ATD Blog
Wed May 31 2017
The Penrose Staircase is an illusory structure resembling a staircase that seems to ascend forever around the perimeter of a square. An artificial construct of the human mind, it provides insights into the nature of the cognitive economy. To climb the Penrose Staircase, a physical impossibility, is to be stuck in an infinite loop, depleting one’s energy and sapping the will from the bones of the most willfully resolved person.
Cognitive loads are growing—both in quantity and complexity—faster than our ability to master them and cognitive distortions lead us to underestimate the gap between what we know and what we think we know. So we charge ahead, on a steep climb, in pursuit of mastering our own domains, a goal that always stays just out of reach. Success in the cognitive economy, it seems, is like a mountain that keeps growing ahead of us as we hike it.
But the human mind is a powerful problem solver. It can reflect on this conundrum, and turn to mathematics for ideas, about how certain facts follow inevitably from others, about how certain structures imply the occurrence of particular phenomena. Imagine, drawing two parallel lines on a deflated balloon. As you inflate the balloon, the lines no longer seem parallel. By deforming the underlying fabric, a rule of geometry, “parallel lines never cross”, is rewritten.
Now consider the case of two successful journalists on two parallel tracks. Heather Stewart was The Observer’s economics editor and a perfect fit for the political editorship of The Guardian, a position vacated by Patrick Wintour in October 2015. But as a mother of two children, Stewart felt she couldn’t do it alone. She reached out to her friend, Anushka Asthana, political correspondent at Sky News and mother of two children, and suggested they apply for the role together as a job share. The pair submitted a joint application and got the job. Their boss, Katharine Viner, The Guardian’s editor-in-chief, basically said to them, “You set it up. You make it work.” And they did.
Job sharing is about caring for ourselves and those who share our cognitive burdens. “Job sharing gives you solidarity,” says Asthana. “You are always looking out for each other and, on the days when you are worrying about something or slagging yourself off, the other person is there to pick you up.”
“We work very differently to traditional journalists,” adds Stewart. “We share all our contacts and conversations and many of our stories have joint bylines. There are no sharp elbows in this relationship.”
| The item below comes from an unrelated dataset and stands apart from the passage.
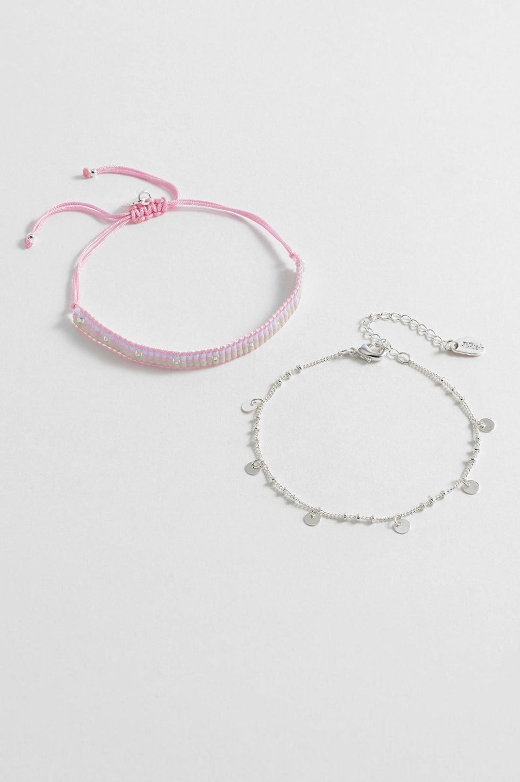 The pink bracelet measures 25.5cm with an adjustable strap; the silver bracelet measures 21.5cm.

Job sharing is about conquering cognitive challenges. More senior jobs in the cognitive economy require higher energy input, both physically and mentally, to manage the forces shaping the work environment and engage the risks emerging across the business landscape. Job sharing translates into having a relay of two sprints instead of a week-long middle-distance run. Contradictions that stymie one creative mind can be conquered at the confluence of two creative minds.
Most of our knowledge resides outside of our heads—in our bodies, in the environment, and most importantly, in other people. We need to leverage all of that knowledge to unlock our potential and defeat the paradoxes of the cognitive economy, the self-defeating holding patterns that take many of the best and brightest, one by one, into psychological quicksand.
Progress, to soar above the “Cognitive Penrose Staircase,” demands cooperation—to care and conquer by the power of the pair. And that requires trust. Only then can parallel lines cross.